- Born: 1948 (age 77–78)
- Occupations: Author, public speaker, consultant
- Known for: Child rearing and bullying prevention

= Barbara Coloroso =

American writer

Barbara Coloroso (born 1948) is a former Franciscan nun who became a secular best-selling author, public speaker, and consultant advising on child rearing tactics, preventing bullying, and escalating violence that may partly result from bullying or abusive child rearing tactics. She appeared on major TV networks, Cable News networks and other media outlets, including newspapers and magazines.

==Published work==
===Kids Are Worth It===
This was Coloroso's first best-selling book, published in 1994 and followed by a revised edition in 2002. In the book, she describes three parenting styles: the strict and controlling "Brick-wall" parent, the inconsistent "Jellyfish" parent, and the "Backbone" parent, which combines flexibility with firmness when necessary. Coloroso recommends the "Backbone" approach which includes giving children some freedom when minor decisions are concerned, while also setting firmer boundaries when more serious issues arise, such as when dangerous activities are concerned, or regarding drinking at an early age.
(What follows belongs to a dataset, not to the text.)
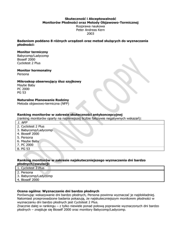 Skuteczność i Akceptowalność Monitorów Płodności oraz Metody Objawowo-Termicznej Rozprawa naukowa Peter Andreas Kern 2003 Badaniom poddano 8 różnych urządzeń oraz metod służących do wyznaczania płodności: Monitor termiczny Babycomp/Ladycomp Bioself 2000 Cyclotest 2 Plus Monitor hormonalny Persona Mikroskop obserwujący śluz szyjkowy Maybe Baby PC 2000 PG 53 Naturalne Planowanie Rodziny Metoda objawowo-termiczna (NFP) Ranking monitorów w zakresie skuteczności antykoncepcyjnej (ranking monitorów oparty na najmniejszej liczbie fałszywie negatywnych wskazań): 1. NFP 2. 3. 4. 5. 6. 7. 8. Cyclotest 2 Plus Babycomp/Ladycomp Bioself 2000 Persona Maybe Baby PC 2000 PG 53 Ranking monitorów w zakresie najskuteczniejszego wyznaczenia dni bardzo płodnych/owulacji: 1. Cyclotest 2 Plus 2. Persona 3. Babycomp/Ladycomp 4. Bioself 2000 Ocena ogólna: Wyznaczanie dni bardzo płodnych Porównując wskazywanie dni bardzo płodnych, Persona powinna wyznaczać je najdokładniej. Natomiast przeprowadzone badania pokazują, że najskuteczniejszym monitorem płodności w wyznaczaniu dni bardzo płodnych jest Cyclotest 2 Plus. Znacznie dalej w rankingu – z tylko niewiele ponad połową poprawnie wyznaczonych dni bardzo płodnych – znajduje się Bioself 2000 oraz monitory Babycomp/Ladycomp. W oparciu o ten ranking Cyclotest2plus>Babycomp/Ladycomp>Bioself 2000, monitory termiczne prezentowały następującą ilość fałszywie negatywnych wskazań: 1.7 %, 4.7 % oraz 7.5 % (lub inaczej prawdopodobieństwo poczęcia wyniosło odpowiednio ok. 0.015, 0.036 i 0.045), a zatem ich skuteczność antykoncepcyjna była różna. W grupie wszystkich monitorów płodności Persona wykazała znacznie wyższe prawdopodobieństwo poczęcia wynoszące 0.168. Ten wynik różni się znacząco od tego podawanego w literaturze dotyczącej skuteczności antykoncepcyjnej monitora Persona. Podsumowując, monitory płodności są akceptowane przez uczestniczki badania przede wszystkim jako urządzenia służące zajściu w ciążę. Wśród respondentek cały czas istnieje jeszcze pewien brak zaufania do takiej technologii stosowanej do antykoncepcji, chociaż, na przykład, monitor Cyclotest 2 Plus prezentuje naprawdę wysoki poziom skuteczności. Rozwijając i stosując nowe technologie w zakresie antykoncepcji, korzystne wydaje się podejście, w którym w/w monitory będą mogły w swoich analizach ujmować więcej niż tylko jeden wskaźnik płodności. Ponieważ, oprócz Cyclotest 2 Plus, testowane monitory analizują tylko jeden wskaźnik płodności, nie osiągają wysokiej skuteczności antykoncepcyjnej na podstawie metody objawowotermicznej.

===The Bully, the Bullied, and the Bystander===

The Bully, the Bullied, and the Bystander (full title: The Bully, the Bullied, and the Bystander: From Preschool to High School—How Parents and Teachers Can Help Break the Cycle of Violence) is a best selling 2003 nonfiction book. The book covers the issue of school bullying and the roles played by those involved, including the victims and bystanders.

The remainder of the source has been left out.